(DATA Opens)

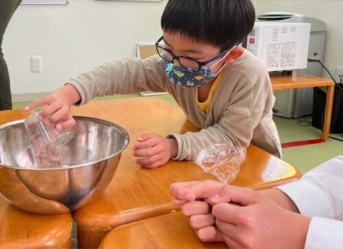 チョコレートを生地の中に入れたら、電子レンジで温めます
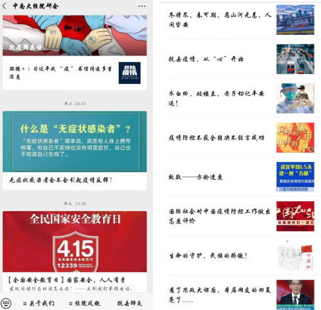 最后,杏吧 通过微信公众平台、微信群、QQ群、钉钉群等积极转发权威部门、主流媒体等相关宣传内容,宣传在抗疫一线用实际行动维护公共卫生安全、捍卫国家安全的先进典型及感人事迹;积极宣传有关安全、疫情防控等知识。
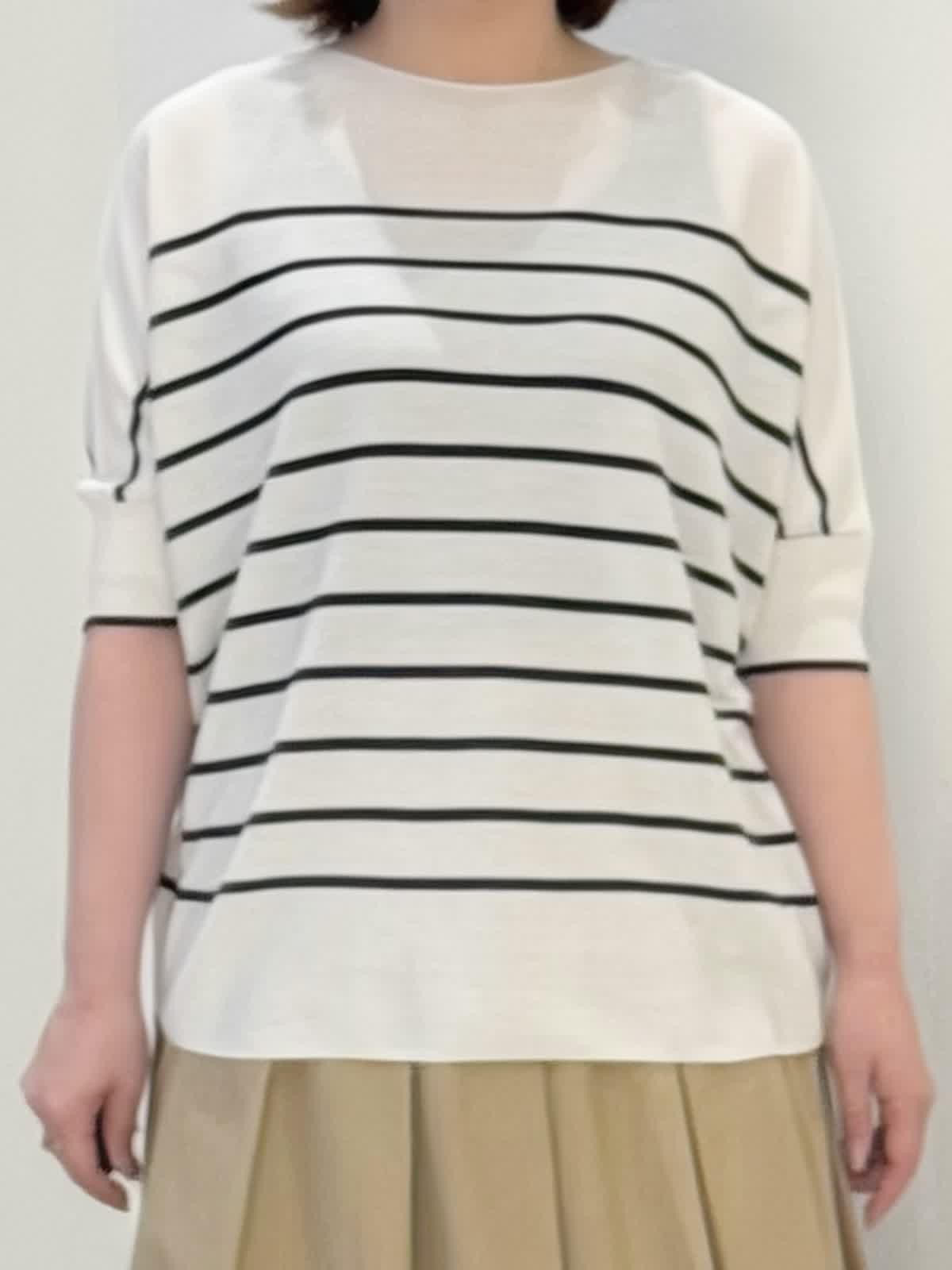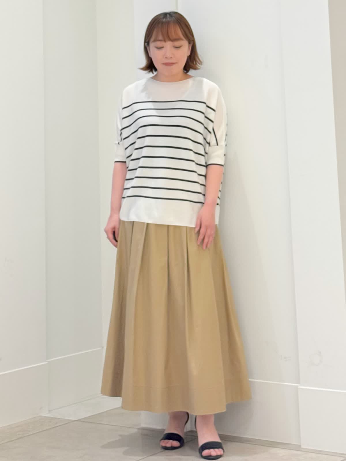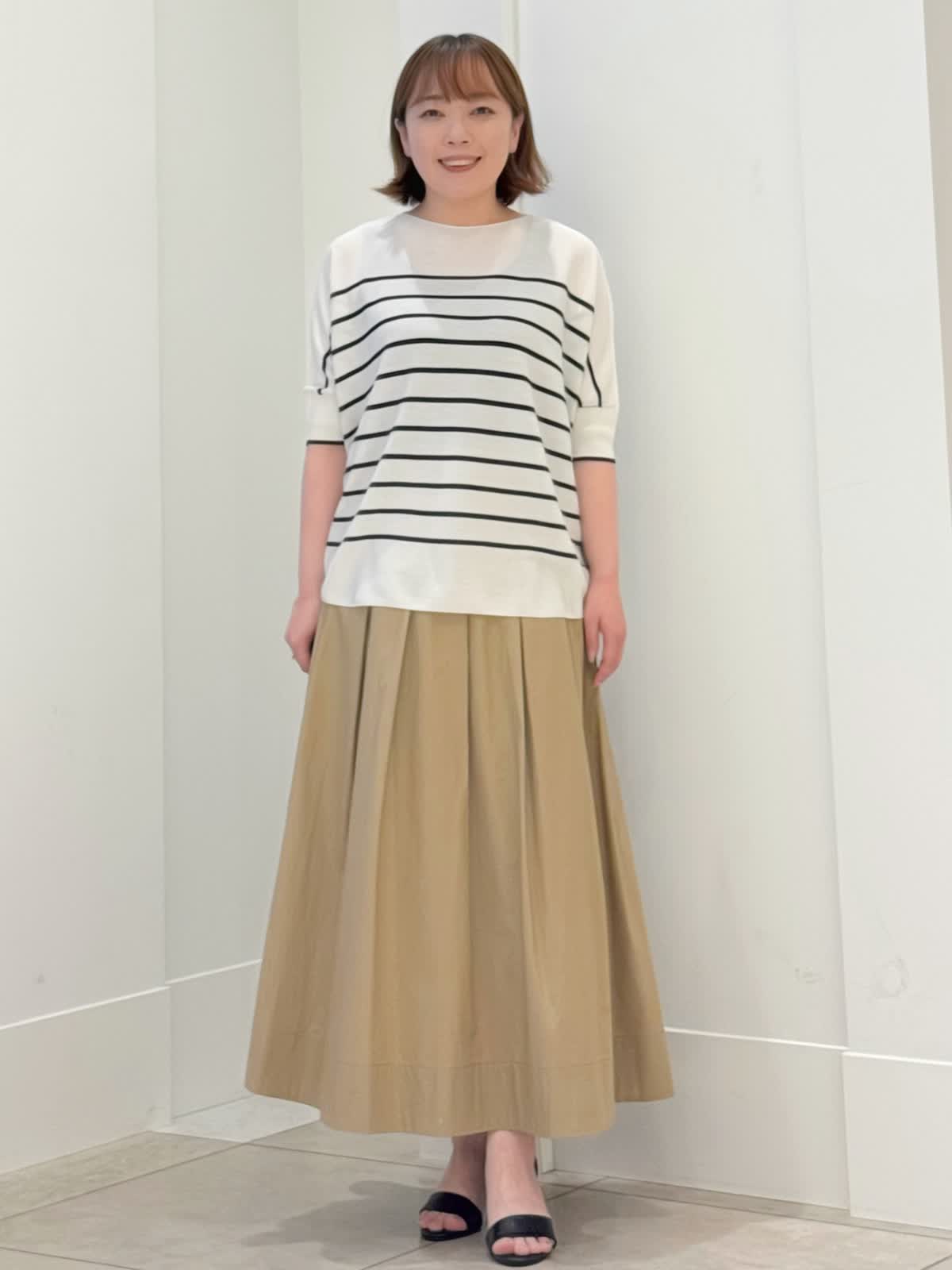 【着用カラー/サイズ】 ニット:グレーベージュ/フリー スカート:ベージュ/7号 定番のキュプラニットにボーダーが登場! とても肌触りがよくボディラインも拾いにくい1枚。肘が隠れる袖丈が安心です。 スカートはコットン素材でフレアシルエットが綺麗です。
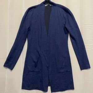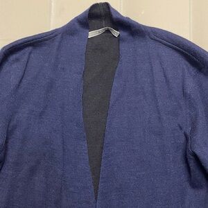 Alicia Adams Alpaca Women’s Sweater Cardigan Open Front Pockets Navy Luxury
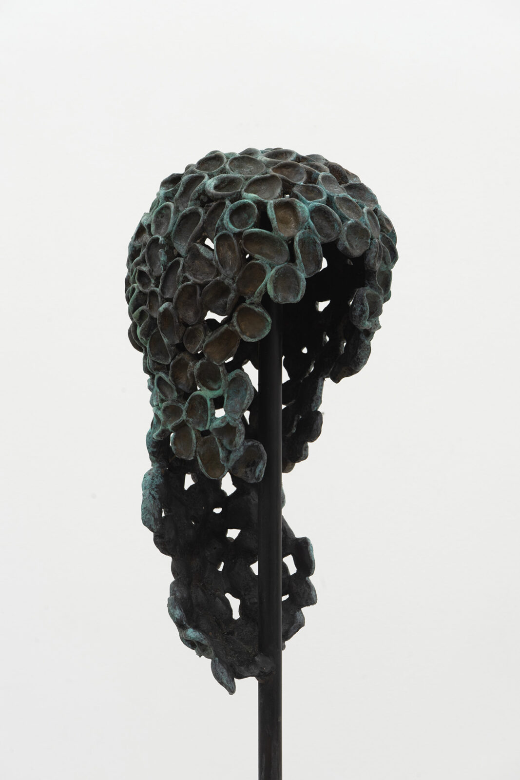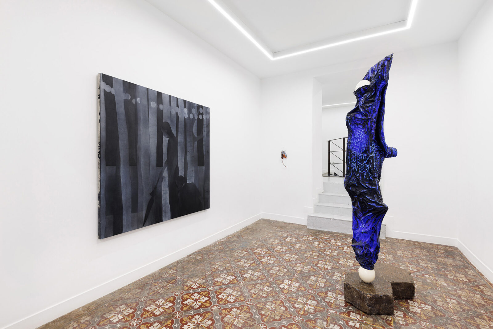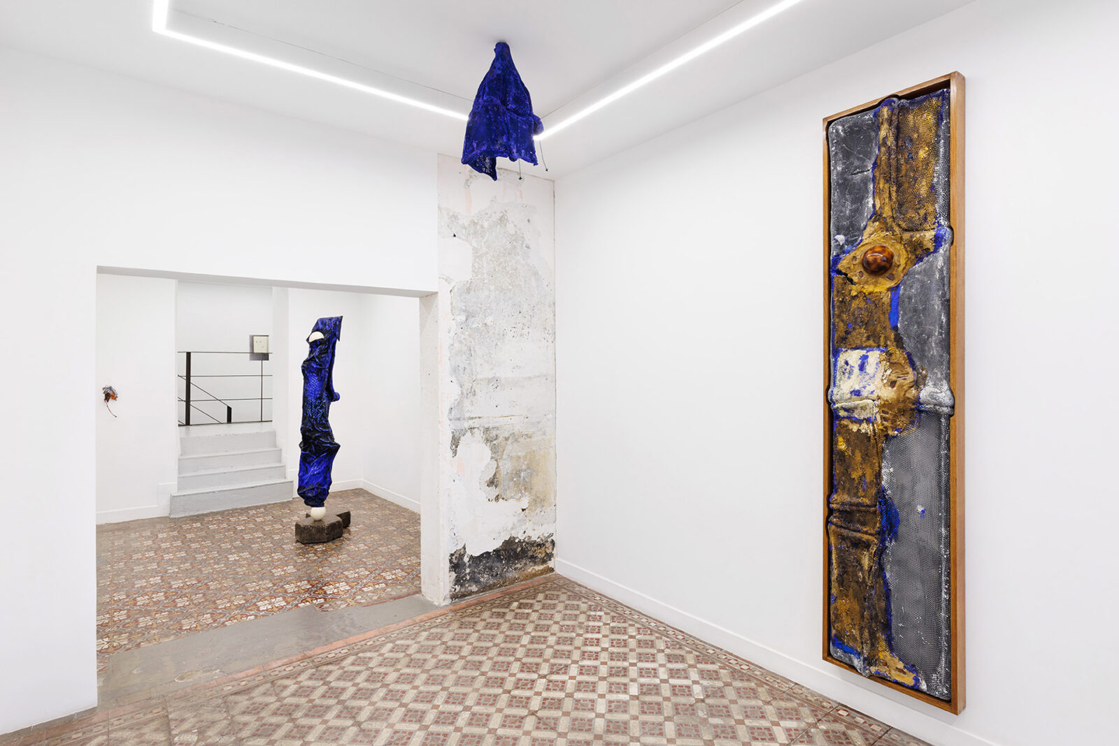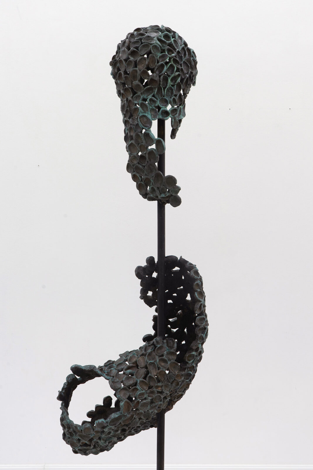 Capital U. A fusion of natural elements with civilisational waste growing out of concrete. A three-dimensional object spread out like a map. Aluminum honeycomb. An insect nest equipped with a light bulb. Handless arm. A tree-shaped figure. Zoe’s suit. A dry leaf the color of oil paint. Vermilion puddles. Trees have eyes. What you are looking for is beyond the image. Fingerprints everywhere. Not all of them are yours.
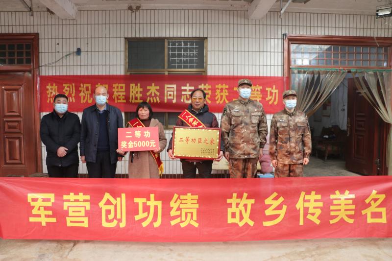 1月21日下午,太康縣高賢鄉(xiāng)保渡村現(xiàn)役軍人程勝杰家門前鑼鼓喧天,喜氣洋洋,熱鬧非凡。太康縣委常委、縣人武部部長于永前,政委郭立君,縣退役軍人事務(wù)局局長潘布道,高賢鄉(xiāng)黨委書記鄭宏等相關(guān)領(lǐng)導(dǎo)一行,為榮立二等功的程勝杰家屬送來了立功喜報(bào)、“二等功臣之家”牌匾及5000元慰問金。
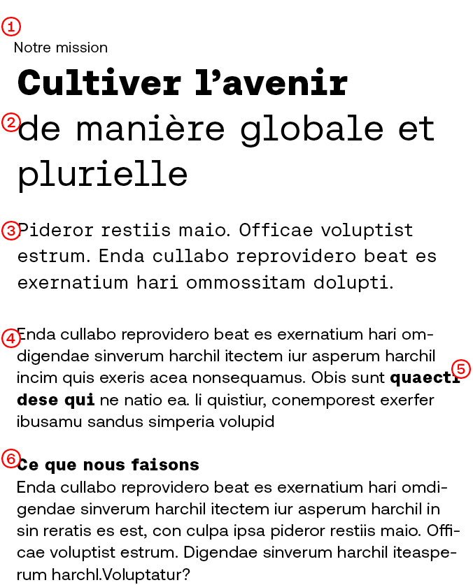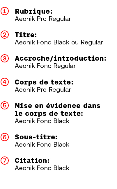 Pour les titres, la police Aeonik Fono Black est utilisée et pour les rubriques, la coupe coupe Regular. Les textes continus et les légendes sont composés avec la police Aeonik Pro.
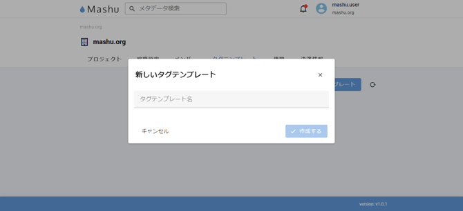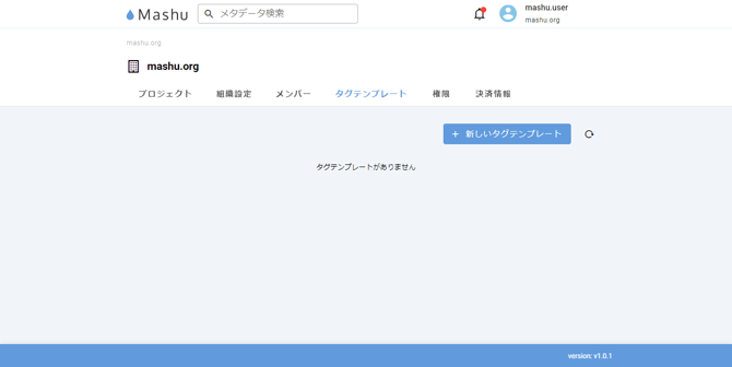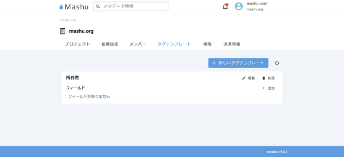 組織画面のタグテンプレートタブでは、組織で使用するタグのテンプレートを管理できます。
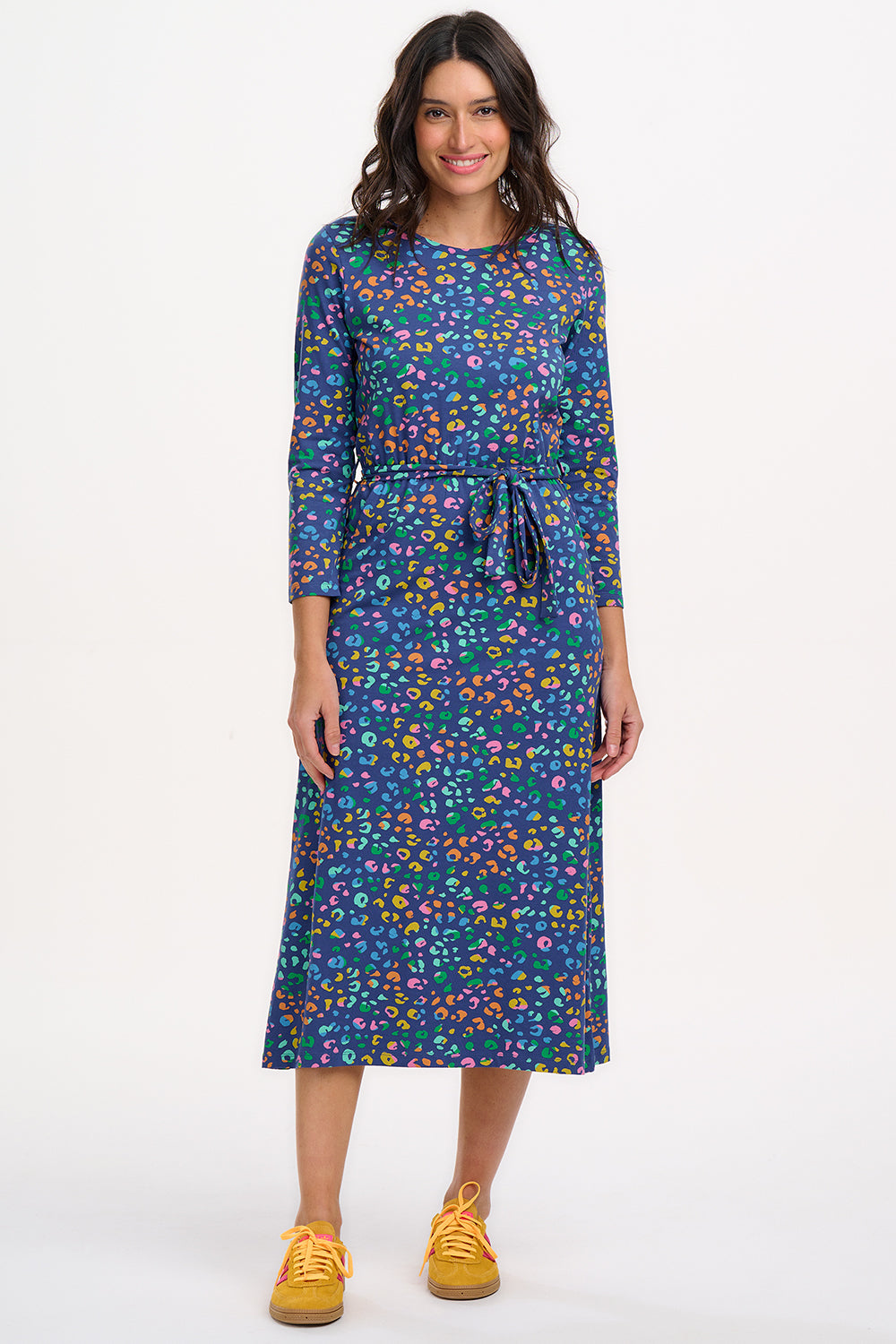 Pernella Midi Jersey Dress - Bright Navy, Mottled Leopard

(DATA Closes)

## WHAT IS REQUIRED
Begin with the line that has "組織画面のタグテンプレートタ" and continue to the last line of the entries, printing each line exactly and nothing else; include both ends and skip the pictures.

## TASK OUTPUT
 組織画面のタグテンプレートタブでは、組織で使用するタグのテンプレートを管理できます。
 Pernella Midi Jersey Dress - Bright Navy, Mottled Leopard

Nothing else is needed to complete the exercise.